2. Angry Arthur - Arthur has a meltdown after being told he can’t watch tv.  His anger is so powerful that it tears his room; his house; his town; the world and the universe apart but while he’s sitting on his bed afterwards, he can’t remember why he got so angry.

Again, children love it.  But surely it’s really telling parents what it’s like for a child having a meltdown?  Surely it’s telling parents how frightening it is for a child to lose control of his anger and how, within seconds, the meltdown has lost its original meaning? 

Does anyone know of any other childcare manuals carefully disguised as children’s books?


September 7th, 2007 at 9:43 pm

The HV wants to visit on Monday to see Cotton-tail for her 9m check.  It would actually be the first time she’s seen one in her entire life.  The note I got said ‘please ring to confirm’, which I haven’t done so we’ll see if she turns up!  I kind of felt I didn’t want to stir up trouble by actively refusing to see her, but also didn’t want to be saying ‘yes, please do come and pass judgement on my mothering skills!’.  The things I want to decide about before then are:

1. Whether or not to send Flopsy elsewhere:  At the moment, we appear to be totally unknown to our LA.  I’m very happy about that as our LA seem to be rather nosy and attempt to practice outside of their legal requirements.  On the other hand, I don’t want to draw attention to ourselves as actively ‘hiding’ from them.  If Flopsy’s there, I’m wondering if the HV will ask when she’s starting school.  If I answer truthfully, will the HV be sympathetic or will she insist on letting the LA know about her.  Does it matter if the LA know?  I’m lucky in that our children are very bright and I certainly wouldn’t need to do anything to ‘prove’ they’re receiving an education.  The walls of our house are covered in pictures and paintings by them - pretty advanced in some cases.  Our house is full of obviously well-loved children’s books - fiction and reference.  It’s very clear the computer is used by them and they’re both articulate, friendly girls.  So it’s unlikely I’d have any trouble from them…we might even go some way to proving the worth of an autonomous lifestyle to a cynical HE inspector.  On the other hand, if we did have a home visit and the inspector started trying to ‘test’ Flopsy, I know it could put her right off learning.  But then it’s very easy to explain to Flopsy why things are happening so I’m sure she’d understand and try to ignore it.  Or the HV may not even comment on Flopsy being at home; or she may do and may have no problem at all with it.  Maybe I’m worrying about nothing.  I just like to have plans, that’s all.

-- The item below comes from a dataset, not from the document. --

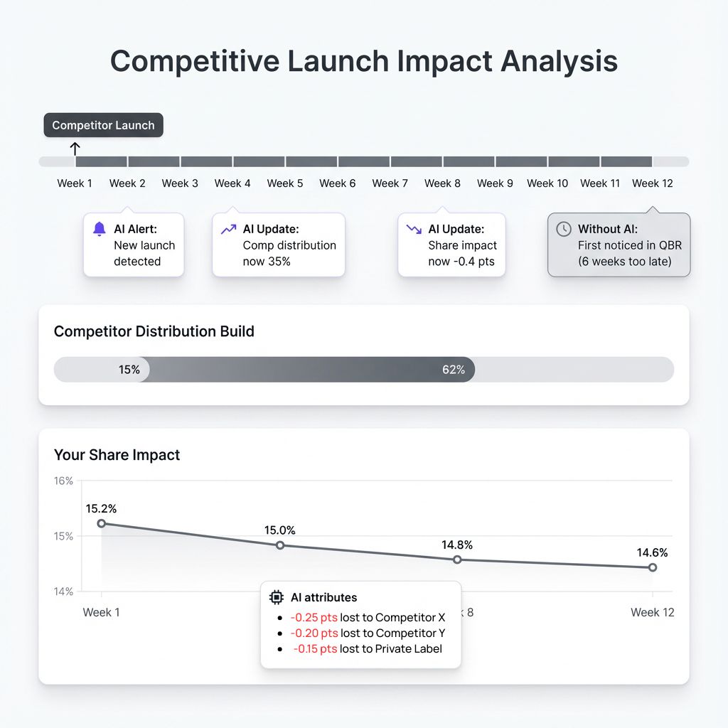 With AI: AI detected the competitive launch immediately and has been tracking its impact continuously. When asked, AI shows: "Competitor launch took 0.6 share points from the category—0.25 from your brand, 0.2 from Competitor Y, 0.15 from private label. Launch velocity is strong and distribution is still building. At current trajectory, expect additional 0.3 point share loss over next two quarters." The brand team can make informed decisions about response: counter-launch, promotional defense, or segment repositioning.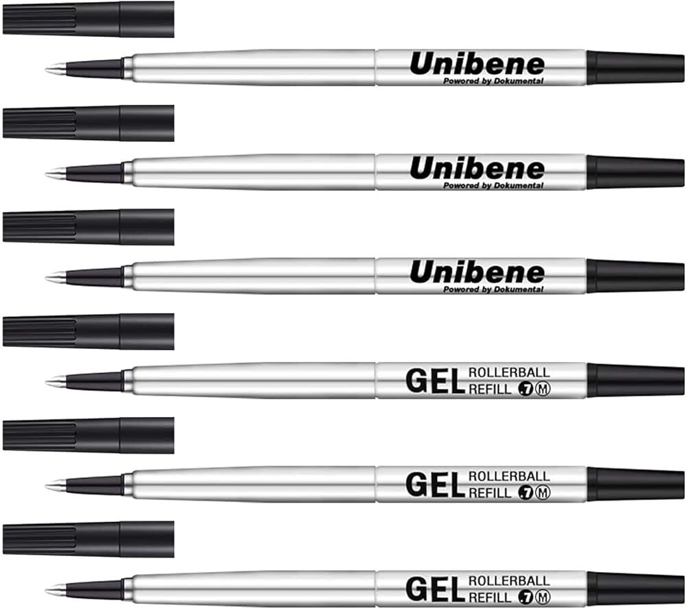 Unibene Parker Compatible Rollerball Refill 6 Pack, 0.7mm Medium Point - Black, Smooth Writing Replaceable German Gel Ink Pen Refills for IM Sonnet Urban Pens

2. Whether or not to have Cotton-tail weighed and/or measured.  With Flopsy and Mopsy I’ve had trouble with their size in one way or another.  I got told off at Flopsy’s 9m check for not giving her enough solids because she didn’t weigh enough.  The stupid HV didn’t even look at her, just at her weight chart!  I came away feeling very much like a crap mother despite knowing what I knew about bfing and about my daughter’s health.  Then they made a fuss about Mopsy’s 9m head circumference even though there was quite clearly an error when it was measured at 6w.  It was small at birth; large at 6w; and small at 9m again.  They wanted to measure it again a month later - I refused because of the upset I’d had with Flopsy and I just knew there was nothing wrong at all with Mopsy.  So…do I invite trouble by having her weighed/measured even though there is no need to do so?  She’s so advanced - walking with a trolley; standing alone for a few seconds; eating; growing; healthy; lovely - do I really need a HV to tell me she’s thriving?  Or will refusing to have her weighed at all put a black mark against my name?

3. Whether or not to just go with whatever she wants and wax lyrical about bringing up children autonomously in an attempt to broaden her mind (assuming it’s narrow to begin with, of course!).

Oh well, she may not come at all and all this worrying will be for nothing!  There are a few HVs in my area that I *wish* were mine, but they’re not.  And I don’t know what my current one is like.  I’ll keep you posted.